This site is about the overreaching political power of the NC Association of Realtors flush with money from cashing in your equity 6% at a time, leaving you to pay for growth with property taxes, year after year, with or without cash flow. In the last few years NCAR has pumped millions of dollars into NC political campaigns at the state and local level. They have spent millions more to defeat Local Options for Local Governments with misleading ads.

Thursday, November 1, 2007

Astroturf Update 11/1

The Charlotte Observer has an article by Julia Oliver about this today:
N.C. groups finance local tax fights: Watchdog organizations say real estate interests trying to project grass-roots efforts

Total contributions to these Astroturf groups exceed $600,000 to date. (Editorial note, the chart for Harnett County should read $44,425.03 from state level NC Realtors and NC Homebuilders associations).

Union County Astroturf Report (via Charlotte Observer)

No local group has raised more money than the Union County Coalition Against the Transfer Tax.

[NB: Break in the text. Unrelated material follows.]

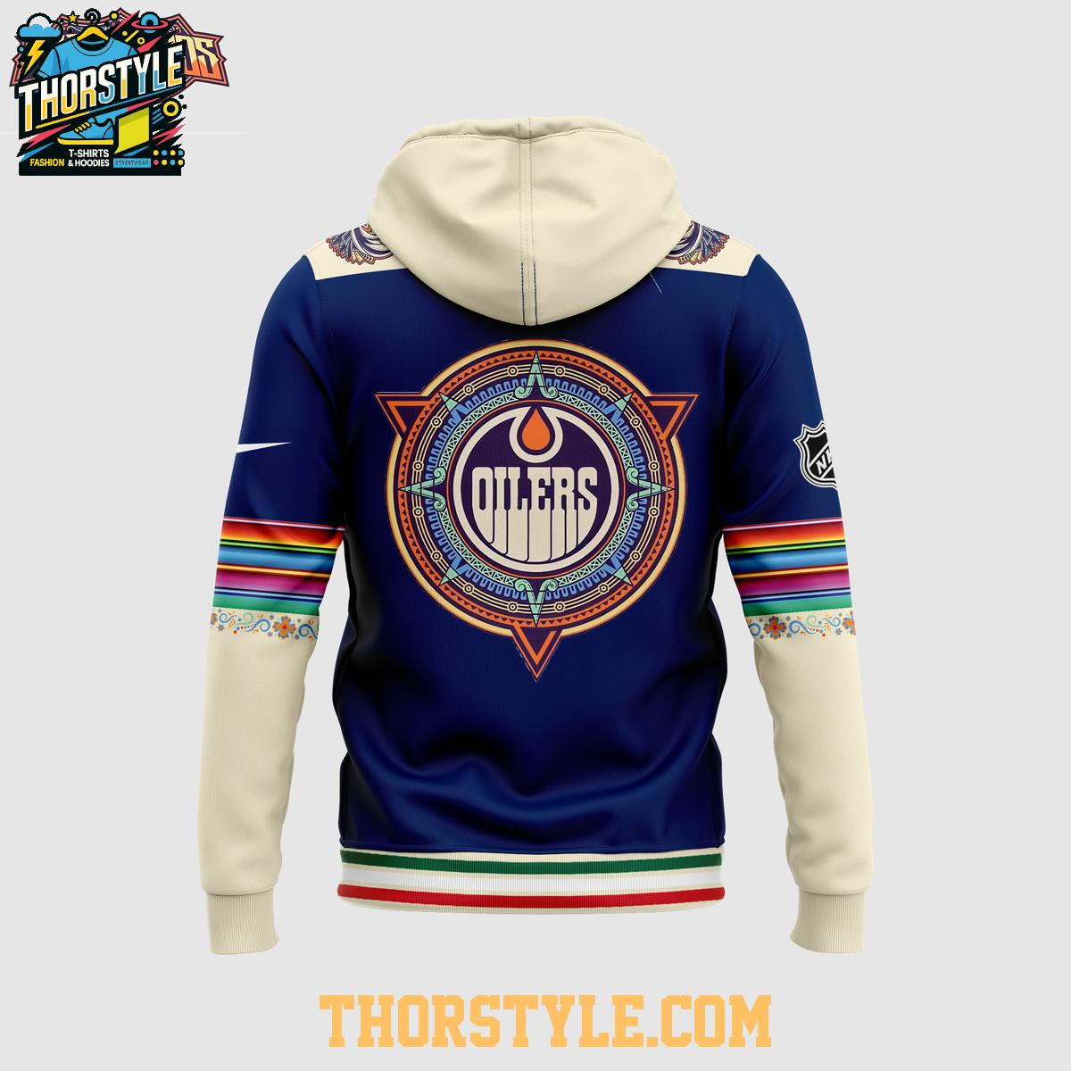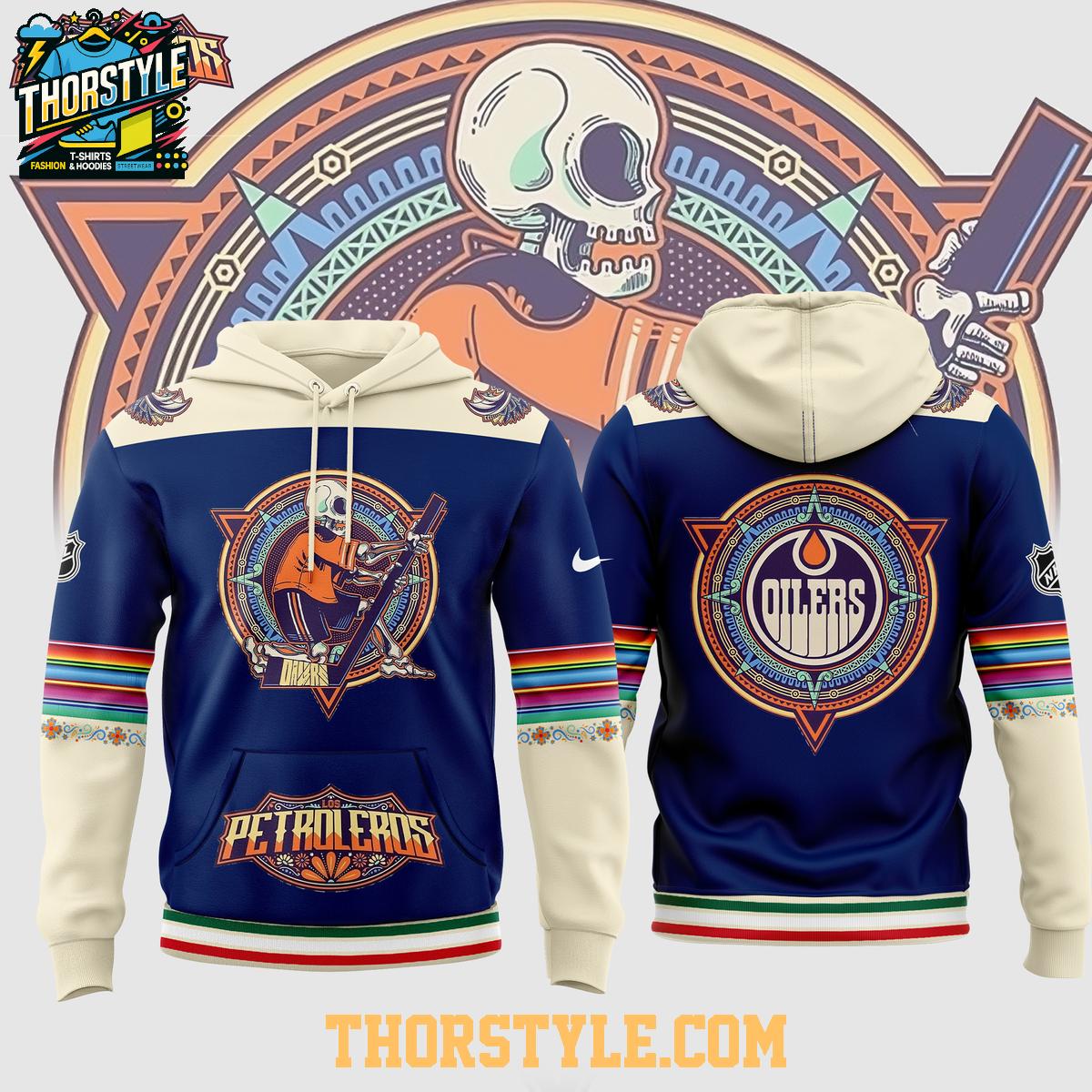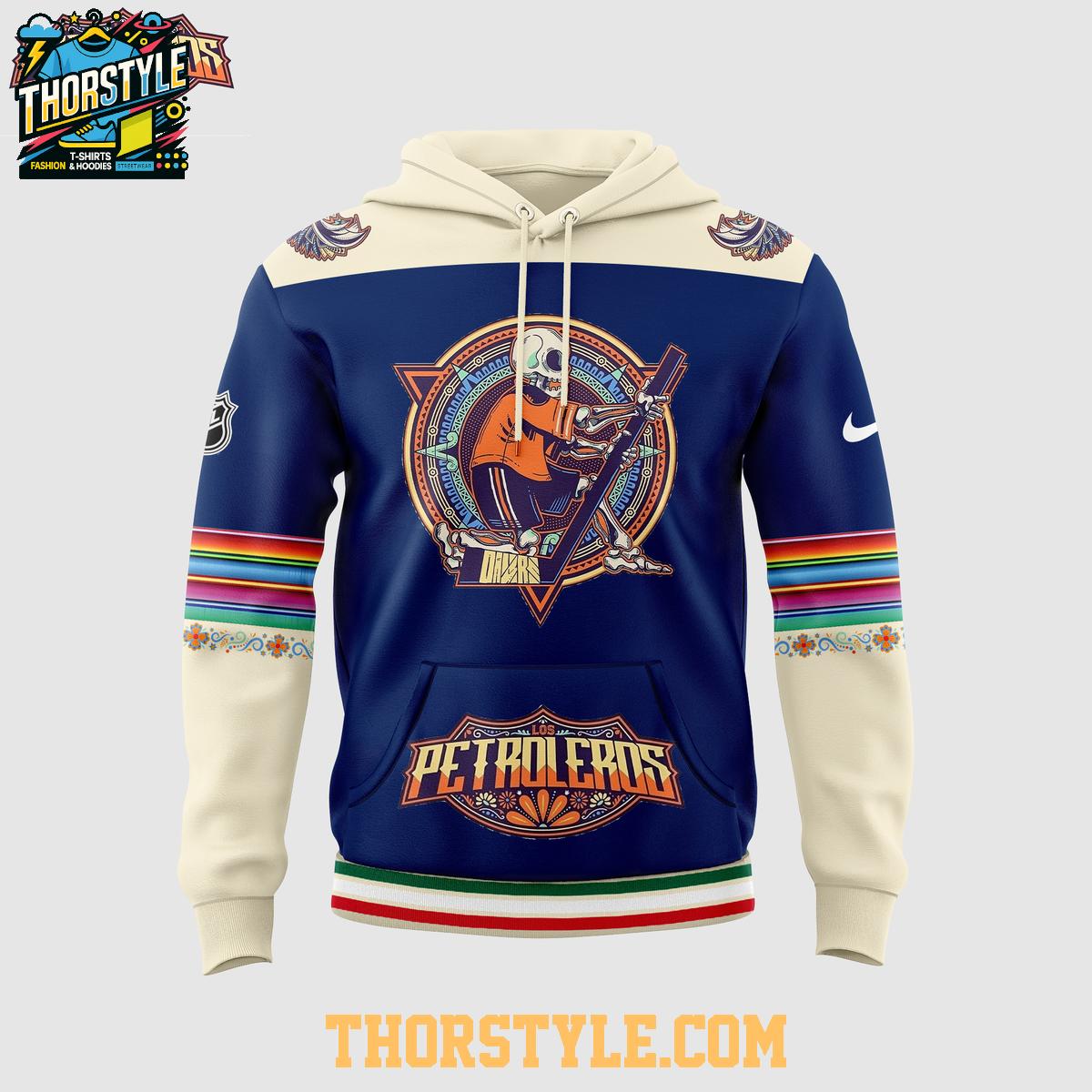 The front of the hoodie commands attention with a striking, intricately designed skeletal figure. Adorned in the iconic Oilers colors, this figure wields a hockey stick, set against a backdrop of detailed, geometric motifs that evoke traditional Mexican folk art. Subtly integrated below, the "PETROLEROS" text adds an authentic historical resonance, connecting the team's roots with the vibrant cultural theme. The deep navy blue body provides a classic foundation, expertly complemented by contrasting cream sleeves and hood, creating a visually dynamic and appealing silhouette.

Of the $85,000 the group raised in the last month, about $50,000 came from the two state associations. The rest came from local realty companies and groups, including $20,000 from the Charlotte Regional Realtor Association.

2 comments:

Current Mortgage Rates said...

read my lips

'No More Taxes'

North Carolina Mortgage

gregflynn said...

That's about what I'd expect from a sub-prime mortgage broker specializing in zero-down, refi and, purchase-money mortgages. This is about smarter taxation. Property tax is not the right vehicle for rapid growth.

Where will you be found when property taxes go up to pay for the infrastructure? Schools, roads, water, sewer, public recreation attracts the jobs which drive the residential real estate market you profit from at closing. All the lender does is bump up escrow. For many homeowners squeezed into sub-prime loans that will be the straw that breaks the camel's back.

If people realized the true cost and variables of home ownership at closing they might make smarter choices. The proposed transfer tax is a fraction of a point that will be reflected in a lower and more stable escrow.